(Data extract)
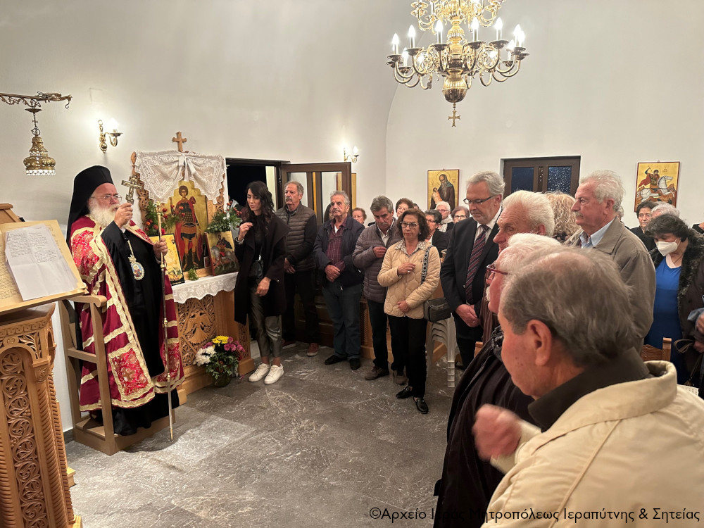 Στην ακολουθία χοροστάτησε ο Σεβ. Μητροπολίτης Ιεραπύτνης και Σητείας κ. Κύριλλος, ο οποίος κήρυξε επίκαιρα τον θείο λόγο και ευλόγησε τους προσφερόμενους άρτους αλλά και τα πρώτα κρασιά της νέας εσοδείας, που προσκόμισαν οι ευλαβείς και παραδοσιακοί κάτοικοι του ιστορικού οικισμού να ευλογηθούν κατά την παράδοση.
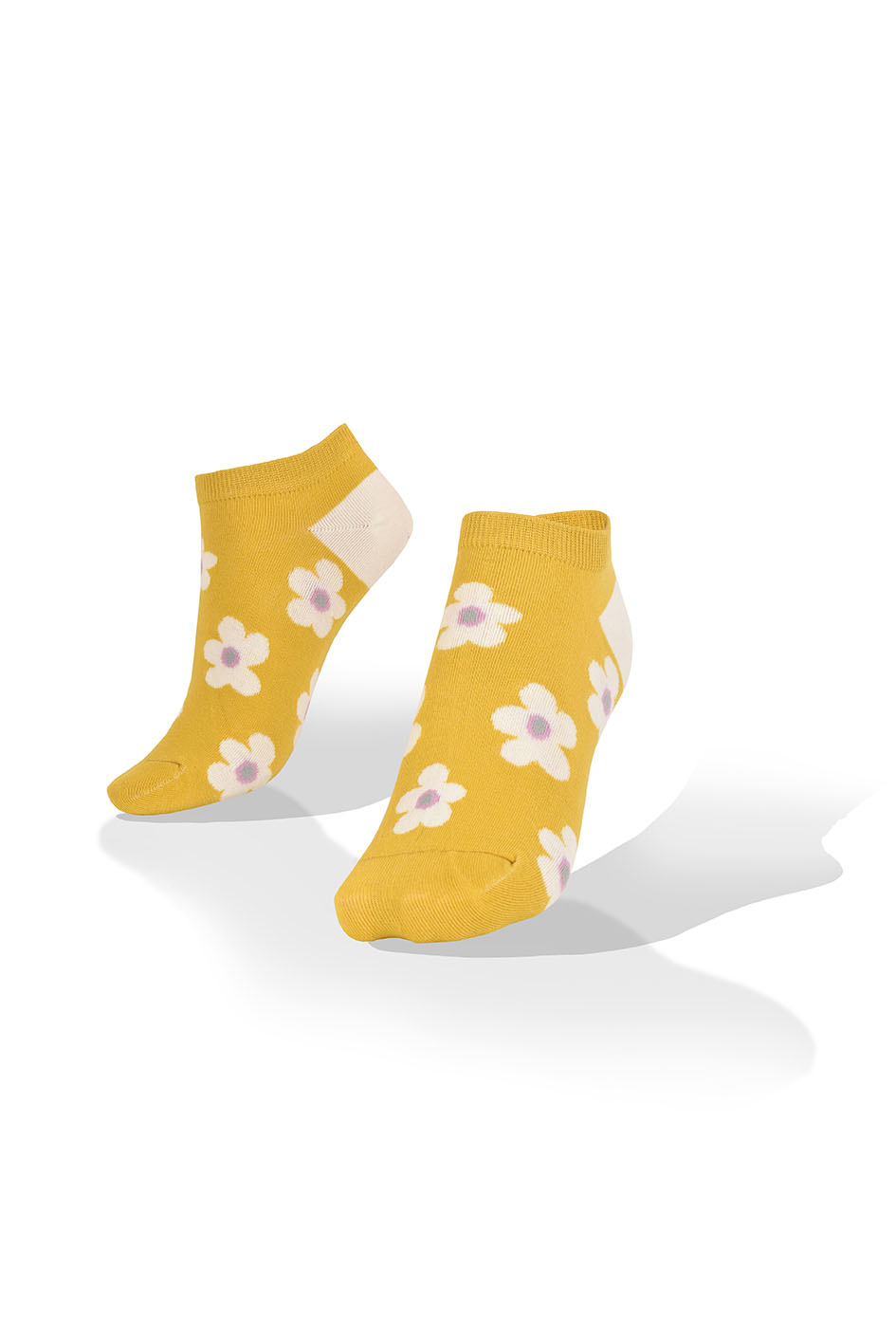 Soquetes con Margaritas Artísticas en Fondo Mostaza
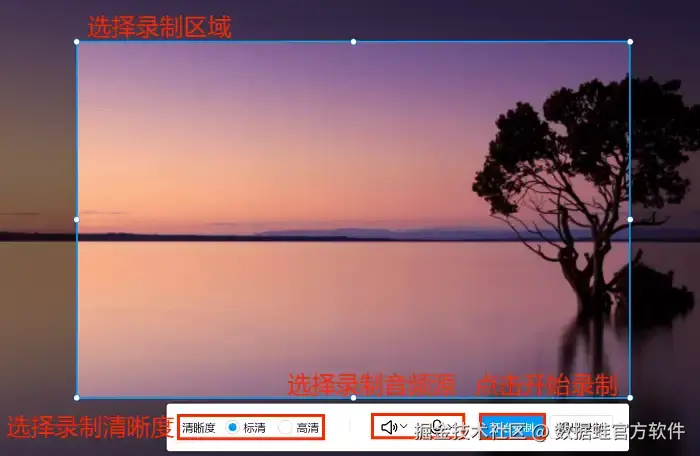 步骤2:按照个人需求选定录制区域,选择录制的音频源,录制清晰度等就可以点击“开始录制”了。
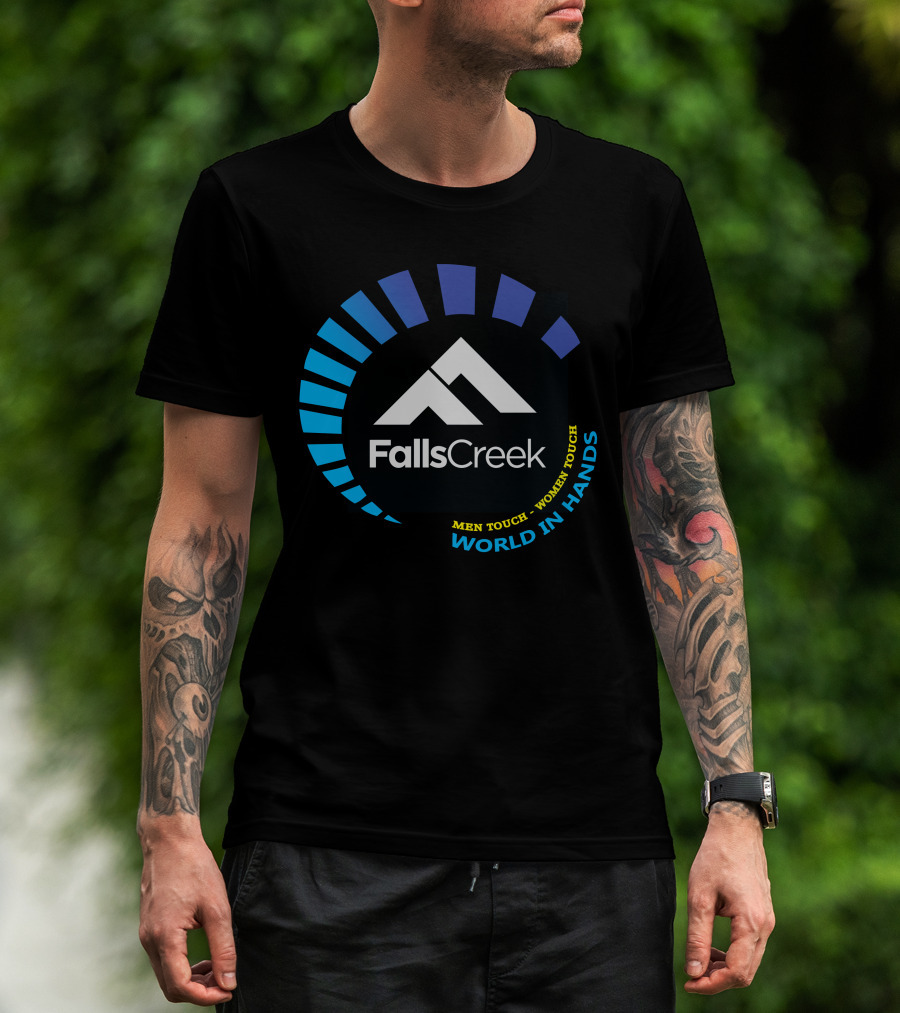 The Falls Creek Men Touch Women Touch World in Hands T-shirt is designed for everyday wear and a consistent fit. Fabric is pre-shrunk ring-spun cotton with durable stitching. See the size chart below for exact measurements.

(Exercise aim) The response must match the listing exactly, except that pictures are removed.

(Solution to the problem)
 Στην ακολουθία χοροστάτησε ο Σεβ. Μητροπολίτης Ιεραπύτνης και Σητείας κ. Κύριλλος, ο οποίος κήρυξε επίκαιρα τον θείο λόγο και ευλόγησε τους προσφερόμενους άρτους αλλά και τα πρώτα κρασιά της νέας εσοδείας, που προσκόμισαν οι ευλαβείς και παραδοσιακοί κάτοικοι του ιστορικού οικισμού να ευλογηθούν κατά την παράδοση.
 Soquetes con Margaritas Artísticas en Fondo Mostaza
 步骤2:按照个人需求选定录制区域,选择录制的音频源,录制清晰度等就可以点击“开始录制”了。
 The Falls Creek Men Touch Women Touch World in Hands T-shirt is designed for everyday wear and a consistent fit. Fabric is pre-shrunk ring-spun cotton with durable stitching. See the size chart below for exact measurements.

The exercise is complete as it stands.